Pipeline Prallelism

June 13, 2023 One-minute read

neural-net • mlops

ETL Problem:

Transformations and preprocessing tasks add overhead to the training input pipeline.

Commons ETL: source: https://community.deeplearning.ai/t/mlep-course-3-lecture-notes/54454

Problem:

Input pipelines are needed to supply enough data fast enough to keep accelerators busy.
Pre-processing tasks and data size can add overhead to the training input pipeline.

Improved Input Pipeline:

Parallel processing of data is essential to utilize compute, IO, and network resources effectively.
Software pipelining can overlap different phases of ETL, resulting in efficient resource utilization.
Pipelining can overcome CPU bottlenecks by overlapping CPU pre-processing with accelerator model execution.

Optimizing Data Pipelines

Prefetching

Overlapping the work of producer and consumer to reduce the total time for a step.

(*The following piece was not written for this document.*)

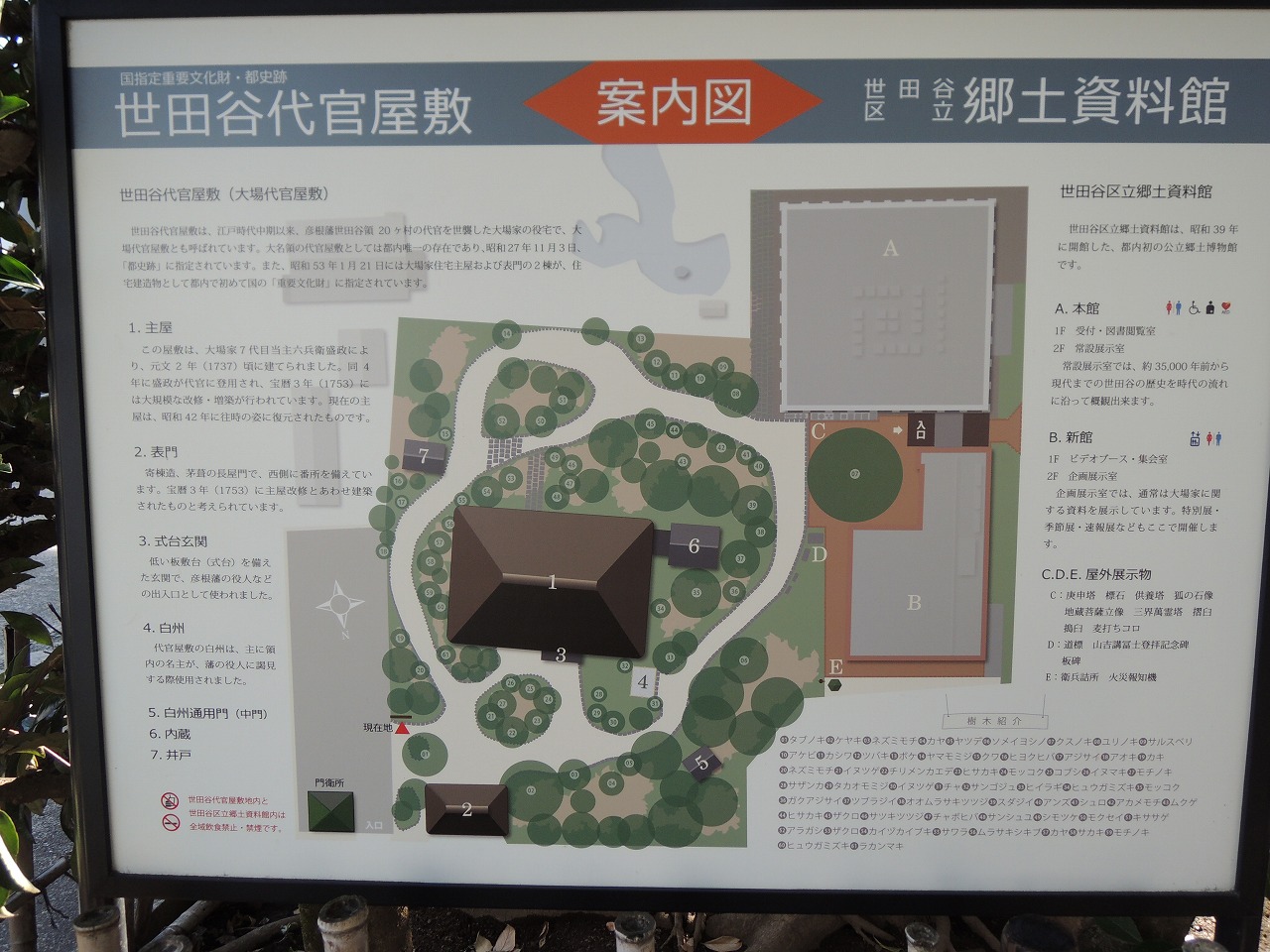 世田谷代官屋敷に到着(世田谷代官屋敷は、江戸時代中期以来、彦根藩世田谷領20ヵ村の代官を世襲した大場家の居宅兼役宅で、大場代官屋敷とも呼ばれています。大名領の代官屋敷としては都内唯一の存在であり、その由緒により、昭和27年(1952)11月3日、「都史跡」に指定されました。)
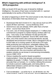 With out doubt 2018 was the year of denial for Artificial Intelligence. Any piece of bad news connected with A.I. seemed automatically to be worthy of front line news. So what is happening in 2019? The short...

The number of elements to prefetch should be tuned based on the number of batches consumed per training step.

Parallelize data extraction and transformation

Parallelize Data Extraction

Reading data from remote storage (e.g., GCS, HDFS) can introduce bottlenecks.
Time-to-first-byte and read throughput can be significantly slower compared to local storage.
Pipeline optimization should consider these differences for efficient remote storage access.

Parallelize Data Transformation

Element-wise processing can be parallelized across CPU cores The optimal value for the level of parallelism depends on:

Size and shape of training data
Cost of the mapping transformation
Load the CPU is experiencing currently